[Collected data entries]
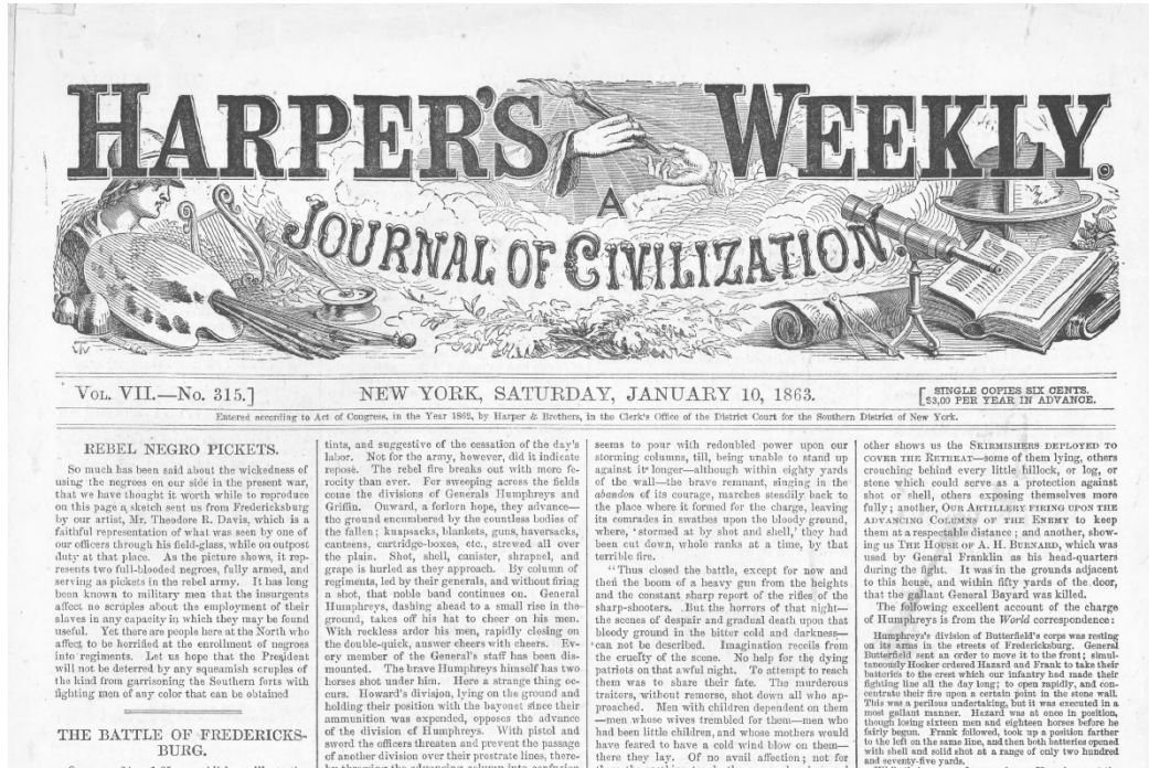
Fig. 3. Harper's Weekly, 10 January 1863, p.1.

Like other newspapers of its day, the Penfield Extra's front page featured standard newspaper fare, including weather reports, notices of marriages and deaths, poems and fiction, and news from both Civil War battlegrounds and the local main street. At the back, two pages of advertisements, with bold, varied typeface and catchy images, hawked the wares of merchants from Upstate New York (fig. 4). At the same time, however, the masthead—oriented around a tiny visual Bible subtitled “Our Hope”—announces that The Penfield Extra is “Little Nellie’s Little Paper” (fig. 2). When read together, then, the distinctive masthead and professional layout of the weekly paper both highlight and obscure the fact that the designer, author, and printer is a self-described “little Lass not yet in her teens who is the sole Editress, and Compositor, and probably the youngest Publisher ... in the world” (Publisher’s Box, 28 June 1862, p. 4).
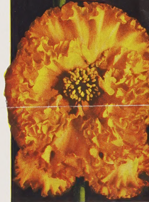
BEGONIAS: Camellia (above), Crispa (below)
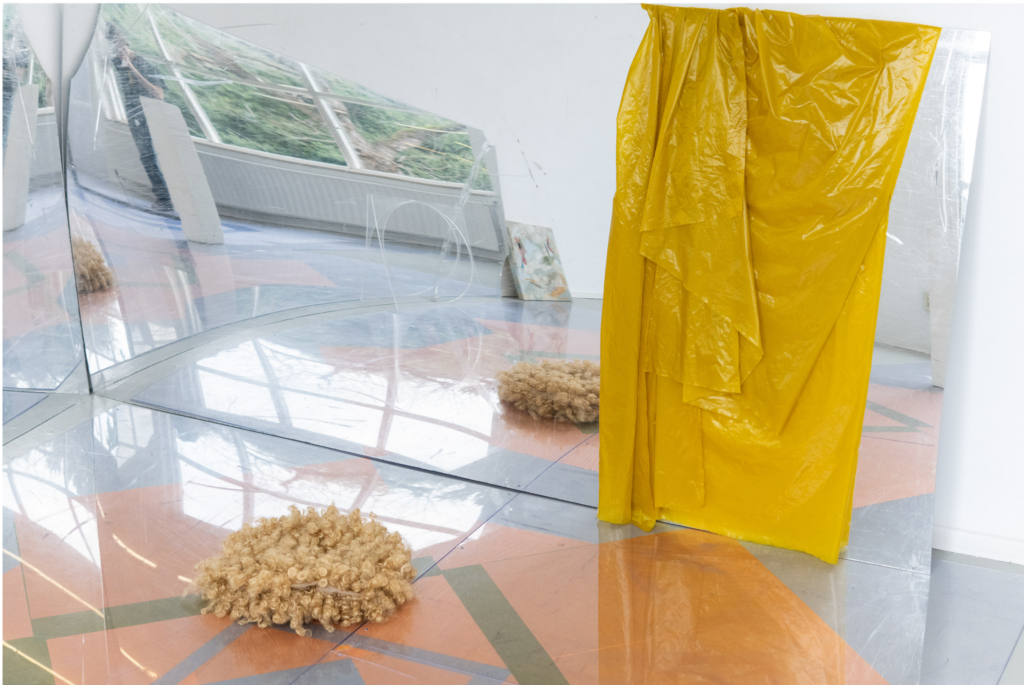
It is part II of an ensemble, and this ensemble is no longer necessarily ceremonial, 2019 installation view Support Structures , former Gallery Kokon, Tilburg
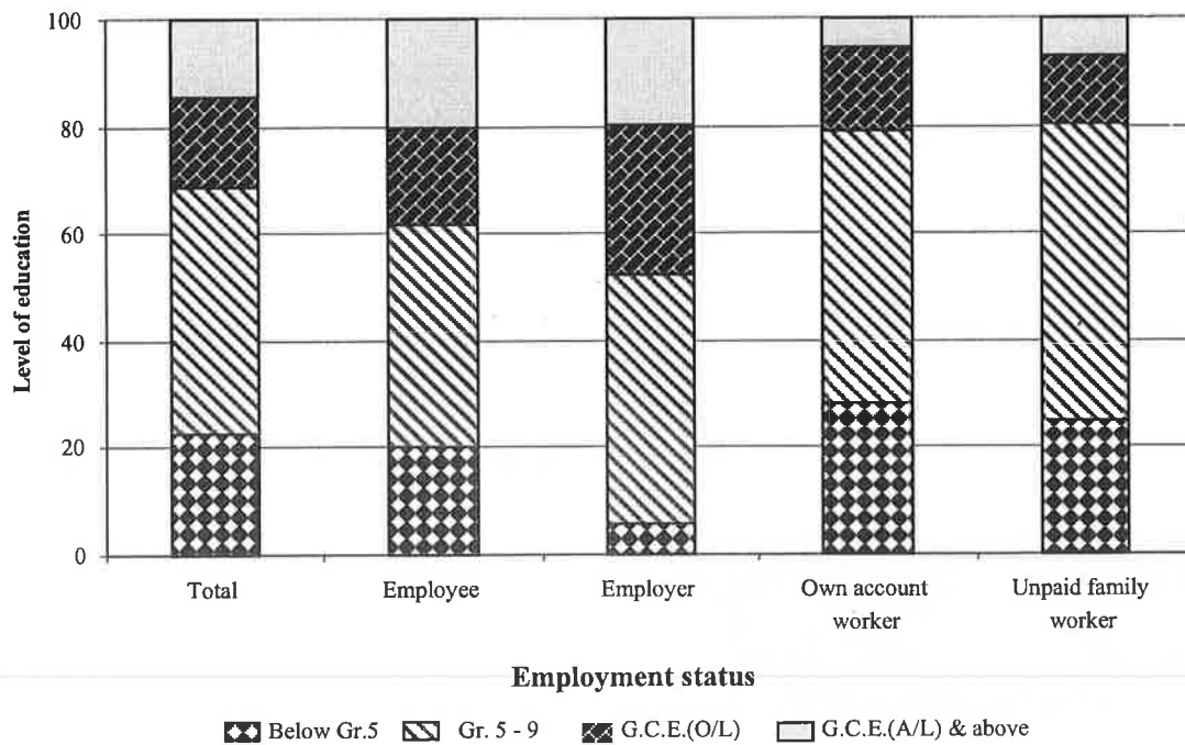
Figure 3 – Distribution of employed persons by level of education & employment status

◆ The proportion who have attained a level of education G.C.E.(A/L) & above is reported to be lowest among own account workers and highest among employees.
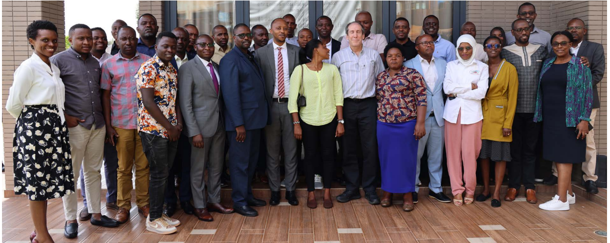
Group photo of stakeholders who attended the customer management system review meeting.

Isoko y'Ubuzima is supporting the Government of Rwanda to develop a Customer Management System (CMS) that will help improve the water services delivery in 10 districts of the project. The system will also be used in the remaining 20 districts.

* Work request *
Filter the data above by the word "level" and copy every line that matches.

* Response to this task *
Figure 3 – Distribution of employed persons by level of education & employment status
◆ The proportion who have attained a level of education G.C.E.(A/L) & above is reported to be lowest among own account workers and highest among employees.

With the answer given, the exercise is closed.